- Promotional poster
- Based on: Confessions of a Sociopathic Social Climber by Adèle Lang
- Teleplay by: Eric Charmelo; Nicole Snyder;
- Directed by: Dana Lustig
- Starring: Jennifer Love Hewitt; Colin Ferguson; James Kirk; Dan Roebuck; Sonja Bennett; Joey Lawrence;
- Music by: Phil Marshall
- Country of origin: United States
- Original language: English

Production
- Producer: Evan Tylor
- Cinematography: Luc Montpellier
- Editor: Richard Schwadel
- Running time: 96 minutes
- Production companies: Once Upon a Time Films; Nomadic Pictures; Evolution Pictures;

Original release
- Network: Oxygen
- Release: March 12, 2005

= Confessions of a Sociopathic Social Climber =

2005 television film by Dana Lustig

Confessions of a Sociopathic Social Climber (also known as The Social Climber) is a 2005 American romantic comedy television film directed by Dana Lustig, based on the 1998 novel of the same name by Adèle Lang. It premiered on Oxygen on March 12, 2005, and stars Jennifer Love Hewitt as 28-year-old Katya, an advertising executive more concerned with being a well-known socialite than being a good person. It co-stars Colin Ferguson, James Kirk, Dan Roebuck, Sonja Bennett, and Joey Lawrence.

==Plot==
Katya Livingston is an ad exec living in San Francisco. Her accountant goes to prison and advises her to keep a journal of all of her expenses as she is sure to be audited. Katya is vain and selfish, trying to keep up with society by wearing designer knock offs and trying to get into all of the hottest clubs. She is best friends with Eliza: a well meaning do-gooder, Ferguson: a gay male escort with self-esteem issues and a long list of ex-boyfriends, and Frangiapani: a woman that has been married several times.

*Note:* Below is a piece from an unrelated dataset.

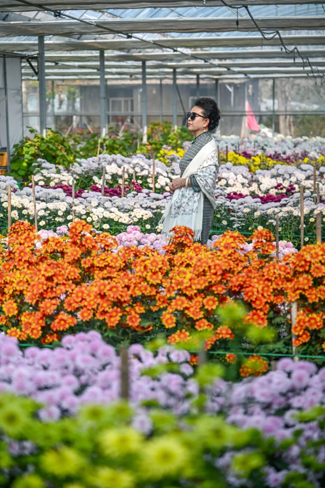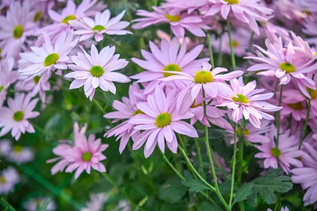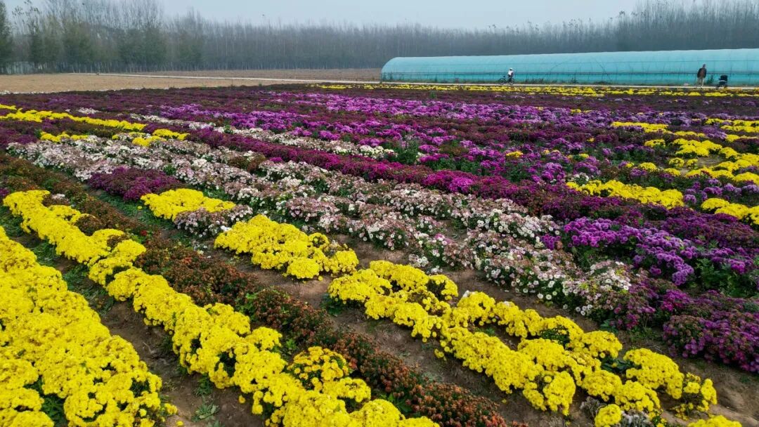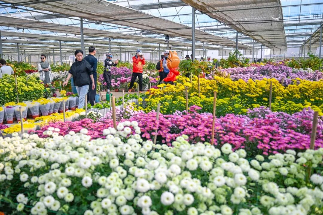 大棚深處藏著別樣俏皮:粉、白、黃三色“球菊”抱團(tuán)而生,星星點(diǎn)點(diǎn)的“小雛菊”白瓣黃心,綠萼“亳菊”清冽如翠、“白菊”似霜,還有眾多稀罕品種點(diǎn)綴其間,每一種都美得讓人挪不開眼。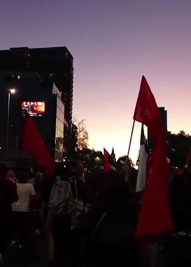 A crowd of people is marching down a city street at dusk. The sky is a gradient of purple and orange. Many are carrying red flags. A building to the left has a large screen displaying an image. Streetlights are visible. The mood seems energetic.

Katya finds out about the Royal Ball, a benefit for Youth Aid International and the biggest social event of the season. It will be thrown by socialite sisters Dove and Fawn Greenstein. She finds out that she has not been invited because of an indiscretion she mistakenly had with Dove Greenstein's husband on their wedding day and then later revealed Dove's real age to a local tabloid. She is desperate to go, especially when she finds out all of her friends are going.

==Cast==
- Jennifer Love Hewitt as Katy "Katya" Livingston
- Colin Ferguson as Charles "Chuck" Fitz
- Joey Lawrence as Ferguson "Ferg" Smith
- Natassia Malthe as Frangiapani "Fran" Lee
- Daniel Roebuck as Alex "Lion" Krosgrov
- James Kirk as Sebastian
- Sonja Bennett as Eliza
- Stefanie Von Pfetten as Dove Greenstein
- Jennifer Clement as Gatekeeper
- David Lewis as Stan
- David Richmond-Peck as Teddy
- Meshach Peters as Sabelo
- Preston Cook as Bob
- Mike Viala as Steve
- Zak Santiago as Geoffrey

==Production==
The film was shot on Vancouver Island, despite being set in San Francisco.

==Reception==
CineMagazine rated the film 2 stars.